November 23, 2011 Impact Section No Comments

By James C. Borel

The world faces a challenge—feeding 9 billion people by 2050 in sustainable ways with limited land and resources. We have made tremendous strides over the last century, but agriculture needs to continue to be more productive —to grow more on each acre of land.

We can meet the global food security challenge, but only if we empower collaboration and enhance the ability of farmers in all parts of the world to be as productive as possible.

One aspect of collaboration involves research universities and seed companies. The important research done in universities can be invaluable in finding new approaches to seed technology and crop production management. One example is a research collaboration that we, at DuPont, began in 2009 with Iowa State. We partnered to develop a new technology to more effectively develop biotech traits in plants and improve drought tolerance in corn.

We also work with the International Rice Research Institute in the Philippines that brings together the Institute’s rice germplasm pool with DuPont’s capabilities in molecular analysis, commercial-scale breeding and field locations for testing hybrids.Partnerships like this could contribute to making available to rice breeders and farmers throughout Asia better advanced breeding lines and better hybrids.

At DuPont, we are a science company that believes in innovation and collaboration. We take seriously the example of the Pioneer Hi-Bred founder, Henry Wallace, who built his company by bringing innovation into the American cornfields.

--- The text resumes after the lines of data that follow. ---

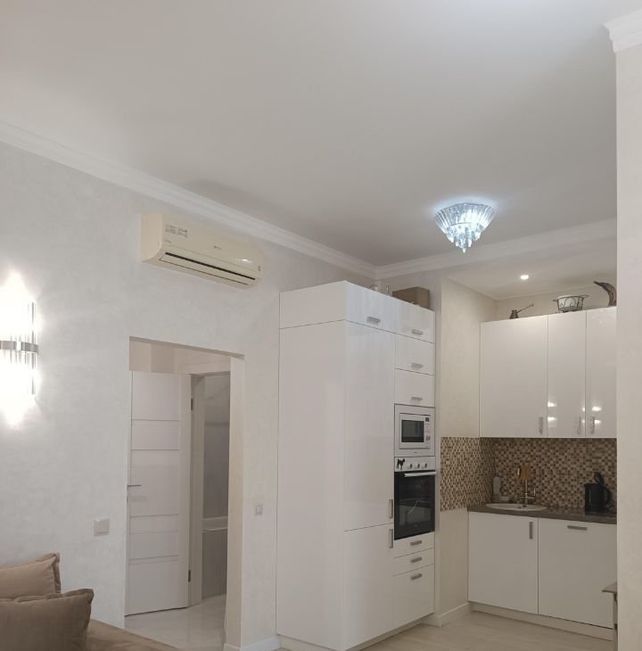 Квартира полностью готова к проживанию: выполнен качественный евроремонт, все комнаты меблированы. На кухне есть вся необходимая техника — холодильник, посудомоечная машина, а также кондиционер для комфортного проживания в жаркие дни. В комнате есть телевизор и стиральная машина. Санузел совмещенный, с ванной. Жилье идеально подойдет для тех, кто ценит комфорт и удобство в быту.
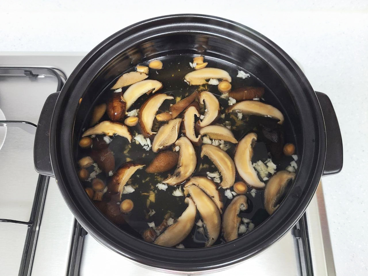 불린 표고와 표고버섯 물 200ml를 넣어줍니다.
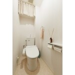 TOTOの組み合わせタイプ、ピュアレストMR。お掃除のしやすさが特徴です。 タオル掛けとペーパーホルダーも白に統一。 ペーパーホルダーが棚になっているのでちょっとした小物を置くことができます。

But we know that we cannot invent everything ourselves. So, in addition to significant research investments internally, we are also focused on how to encourage innovation more broadly.

New technology can be daunting to some, but Norman Borlaug, agronomist and Nobel Laureate, loved learning about new things. And he knew the formula: better innovation and more collaboration to improve agriculture, to empower farmers, to feed the world.

That was his formula. It is our formula at DuPont.

I think of agriculture as the “optimistic science.” Because together, with innovation and collaboration, we can help do what the world needs us to get done.